EXERCISE OBJECTIVE
Without any pictures, retype exactly the lines from the one with "글자 안 보이실까봐서요.)" through the final line of the records.

Stored dataset items
=== Begin Enclosure ===

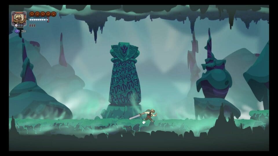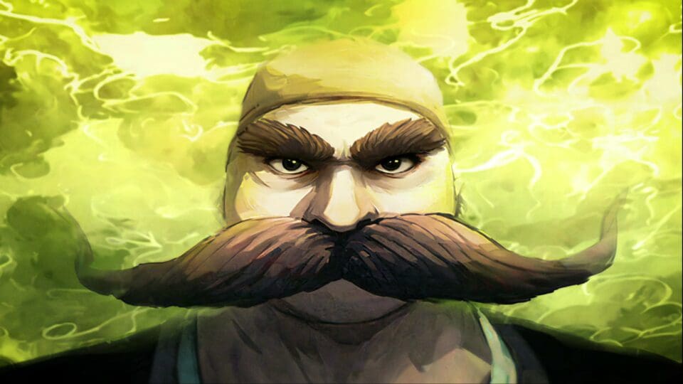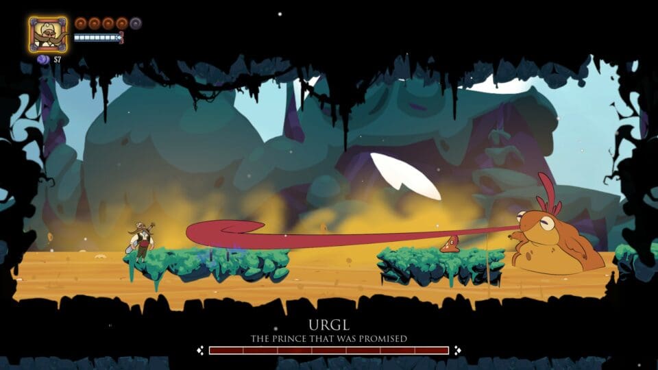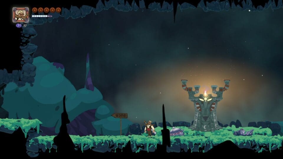 Wir spielen Marko, einen Dorfbewohner in einem kleinen ländlichen Ort in einem Land mit dem Namen Zagora (von den Karpaten inspiriert). Das Leben wäre wunderbar und wir würden immer noch in Ruhe ein paar Bäume fällen und unseren überdimensionierten Schnauzbart zwirbeln, wenn nicht plötzlich ein purpurnes dreiköpfiges Monster vor dem Ortseingang stehen würde, das unsere Freunde umbringt und auch uns von der einstürzenden Dorfbrücke wirft. Eigentlich sollten wir mausetot im Fluss entlang treiben, aber ein Hirsch mit riesigem goldenen Geweih erweckt uns wieder zum Leben und in einer verborgenen Höhle finden wir ein Schwert herumliegen, das nur auf uns gewartet hat. Es ist natürlich ein magisches Schwert, wenn wir damit Feinde zerhacken generiert das Mut. Und wenn wir genug Mut haben, können wir einige Lebenspunkte regenerieren, was auch schon eine der Kernspielmechaniken darstellt.
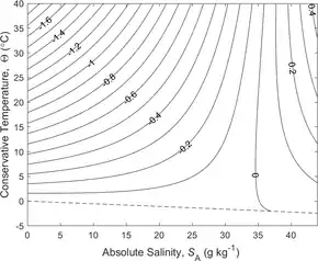 Conservative temperature is a thermodynamic property of seawater. It is derived from the potential enthalpy and is recommended under the TEOS-10 standard (Thermodynamic Equation of Seawater - 2010) as a replacement for potential temperature as it more accurately represents the heat content in the ocean.[1][2]
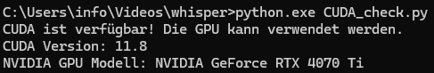 CUDA (Compute Unified Device Architecture) is a technology and programming interface developed by NVIDIA. It enables programs like PyTorch to use the computational power of an NVIDIA GPU. GPUs are particularly powerful for parallel computations because they can perform many operations simultaneously. When a model like Whisper needs to process large amounts of data, CUDA can significantly reduce computation time by using the GPU for calculations.
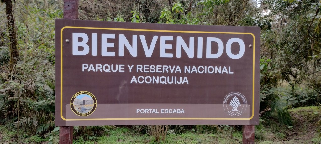 El sendero forma parte del Parque Nacional Aconquija, y al principio nos dio la bienvenida un cartel que decía «Portal Escaba». Este parque tiene varios portales, como La Banderita, Portal Campo de los Alisos, Portal Piedra Labrada y Cochuna. El camino hacia el chorro está bien señalizado y segmentado en 10 partes, lo cual es muy útil porque te sirve para estimar cuánto falta aproximadamente para llegar al chorro.
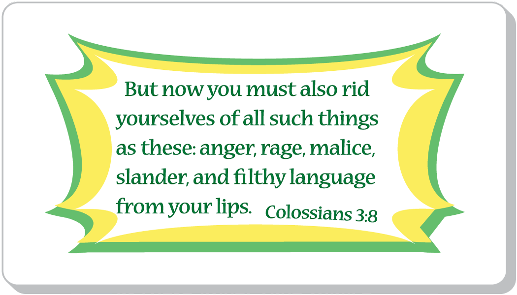 BIBLE VERSE - But now you must also rid yourselves of all such things as these: anger, rage, malice, slander, and filthy language from your lips. Colossians 3:8
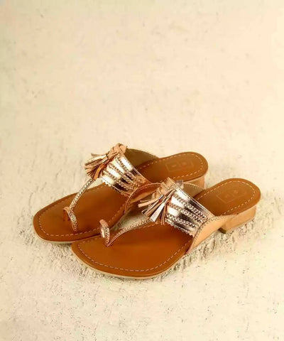 Our gorgeous hotseller, Sana is now available in a small 1.5 inch heel. Handmade using a rose gold metallic leather upper with a tassel and a tan leather base, Sana is an elegant pick for parties or weddings. Added cushioning & an anti-slip sole make her the perfect pair to dance all night in!
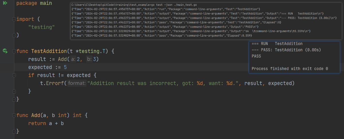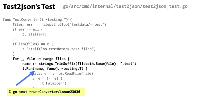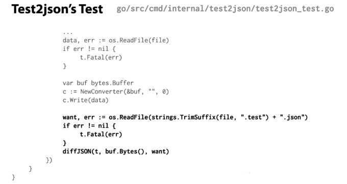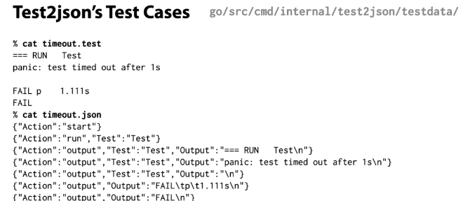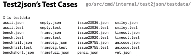 在文件中存储测试用例的另一种方法是使用成对的文件,一个用于输入,一个用于输出。为了实现go test -json,有一个名为test2json的程序,它读取测试输出并将其转换为JSON输出。测试数据是成对的文件:测试输出和JSON输出。
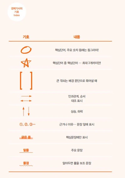 ▶ 그동안 제가 신문에 긋는 형광펜들을 유심히 보신 분들이라면 다 눈치 채셨을텐데요. 위의 사진은 제가 쓰는 기호 인덱스입니다. (굵은 줄을 핵심문장에 그으라 했는데, 저는 신문 사진을 올리니 얇은 줄로 쓰고 있습니다. 여러분들 글자 안 보이실까봐서요.)
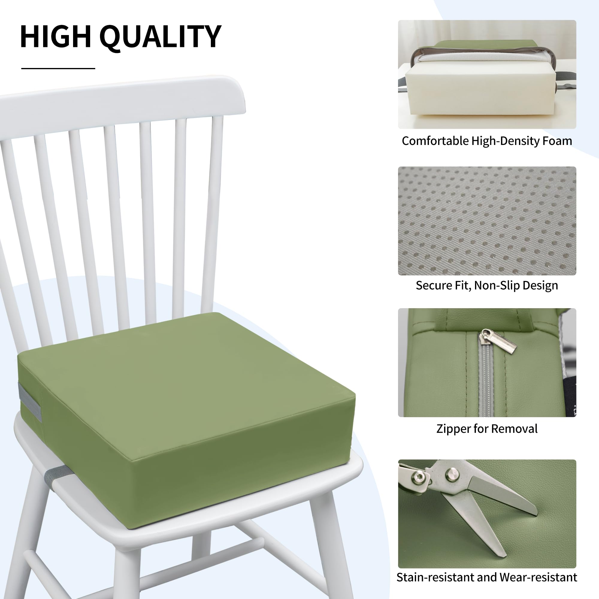 Waterproof and Durable: The surface of the table baby booster seat is made of high-quality waterproof PU leather, which is skin-friendly, waterproof, wear-resistant and wrinkle-resistant. If food accidentally falls on the booster pad, you can just wipe it with a damp paper towel to clean it. In addition, the booster pad has a zipper for easy removal and cleaning
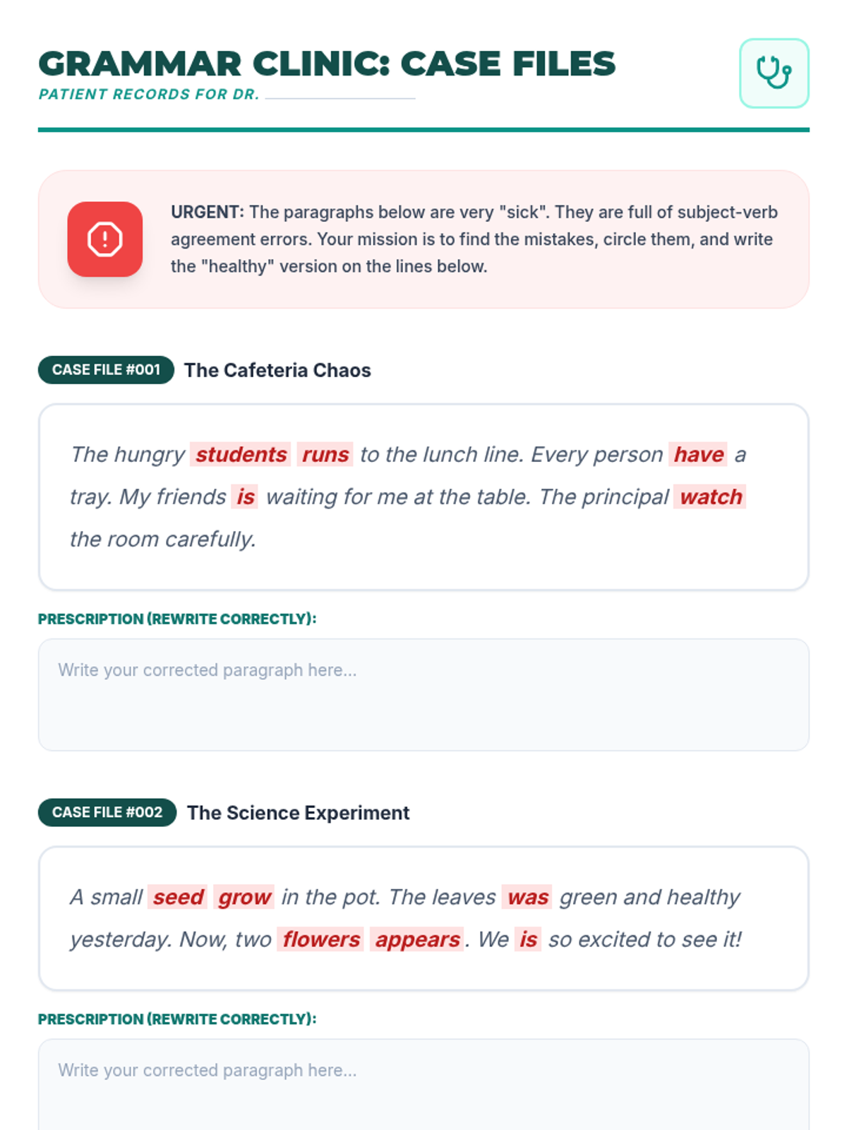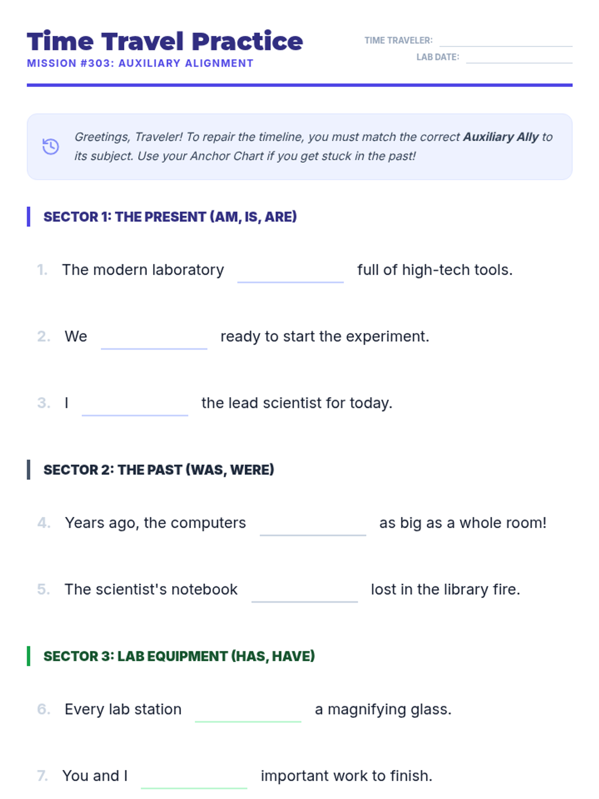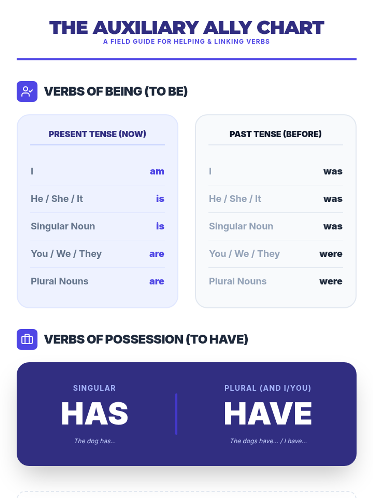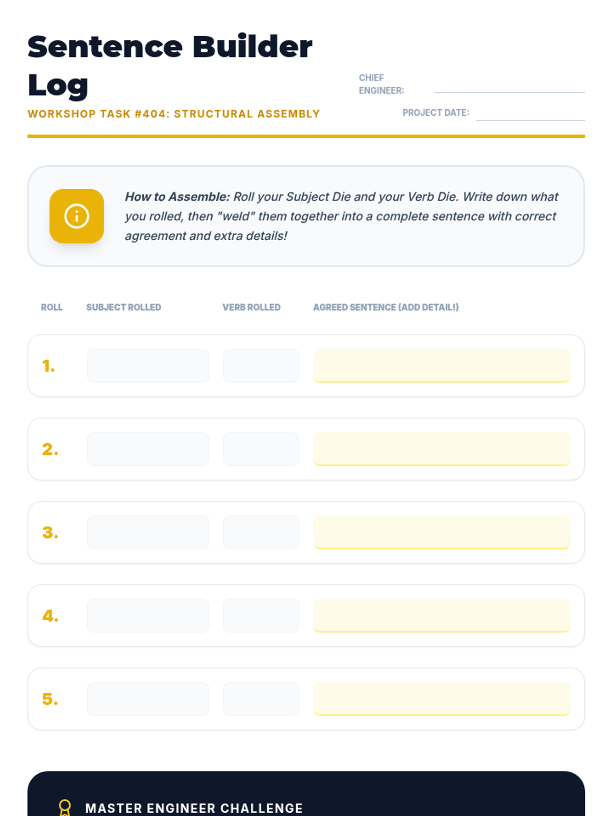 This sequence establishes the fundamental rules of subject-verb agreement for 4th graders, focusing on singular vs. plural subjects, action verb markers (the 'S-Switch'), irregular auxiliary verbs, and proofreading techniques. Students progress from simple noun categorization to complex sentence construction and error analysis.
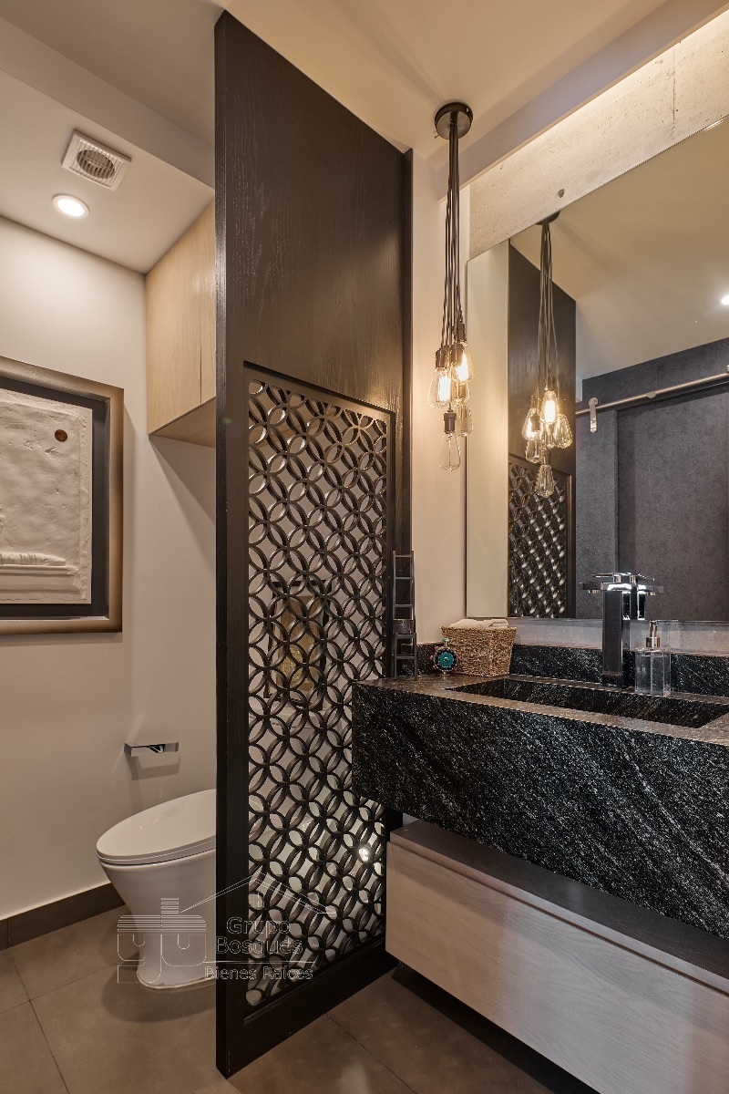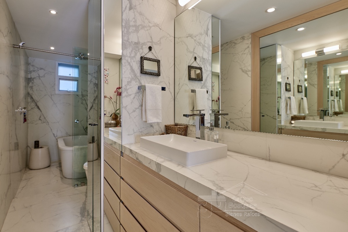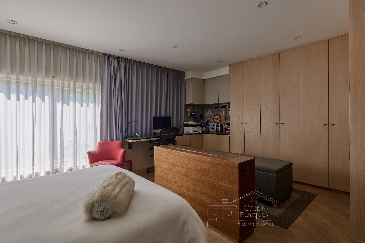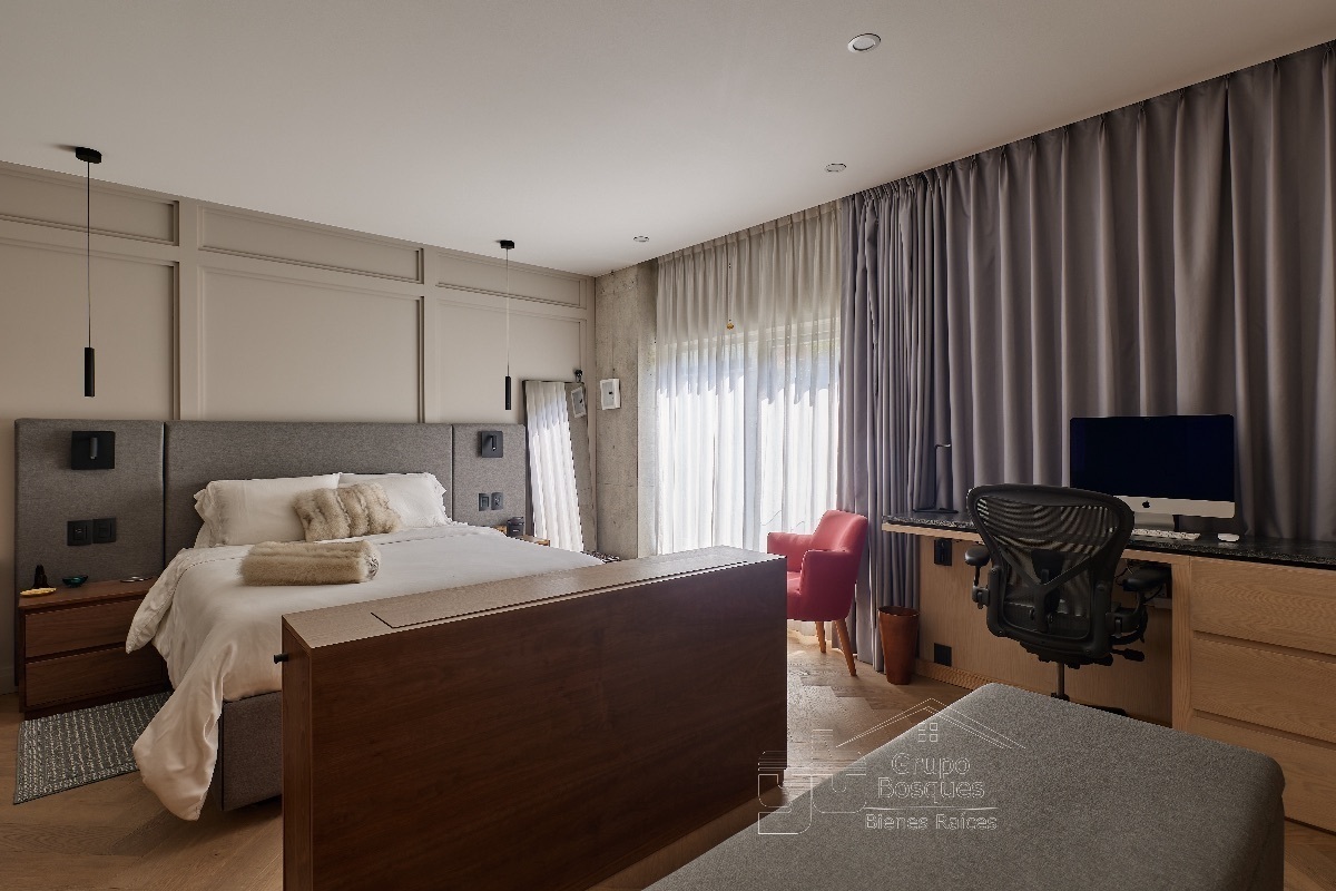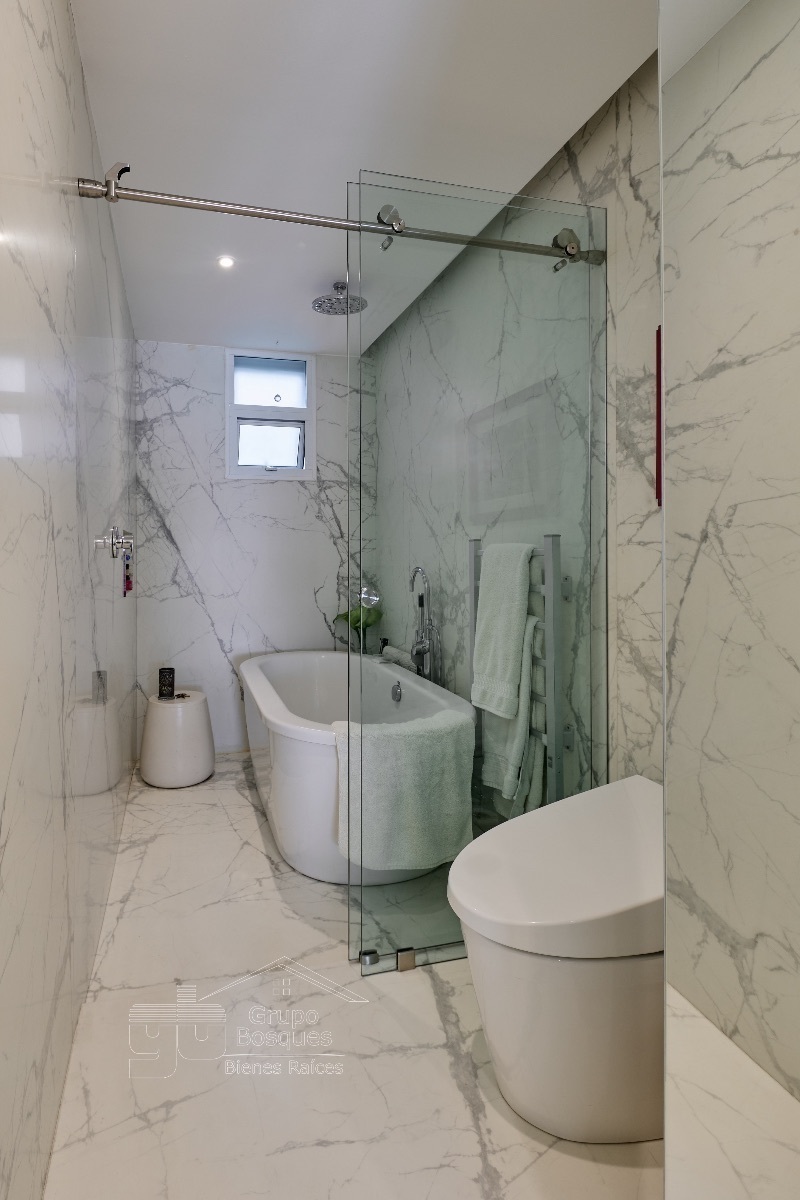 En la planta de arriba esta una amplia recámara muy iluminada, con baño acabado en mármol y canceles de vidrio, clóset grande, pantalla que se oculta cuando no se necesita, vidrios que aíslan el ruido,

=== End Enclosure ===

ANSWER BOX
 ▶ 그동안 제가 신문에 긋는 형광펜들을 유심히 보신 분들이라면 다 눈치 채셨을텐데요. 위의 사진은 제가 쓰는 기호 인덱스입니다. (굵은 줄을 핵심문장에 그으라 했는데, 저는 신문 사진을 올리니 얇은 줄로 쓰고 있습니다. 여러분들 글자 안 보이실까봐서요.)
 Waterproof and Durable: The surface of the table baby booster seat is made of high-quality waterproof PU leather, which is skin-friendly, waterproof, wear-resistant and wrinkle-resistant. If food accidentally falls on the booster pad, you can just wipe it with a damp paper towel to clean it. In addition, the booster pad has a zipper for easy removal and cleaning
 This sequence establishes the fundamental rules of subject-verb agreement for 4th graders, focusing on singular vs. plural subjects, action verb markers (the 'S-Switch'), irregular auxiliary verbs, and proofreading techniques. Students progress from simple noun categorization to complex sentence construction and error analysis.
 En la planta de arriba esta una amplia recámara muy iluminada, con baño acabado en mármol y canceles de vidrio, clóset grande, pantalla que se oculta cuando no se necesita, vidrios que aíslan el ruido,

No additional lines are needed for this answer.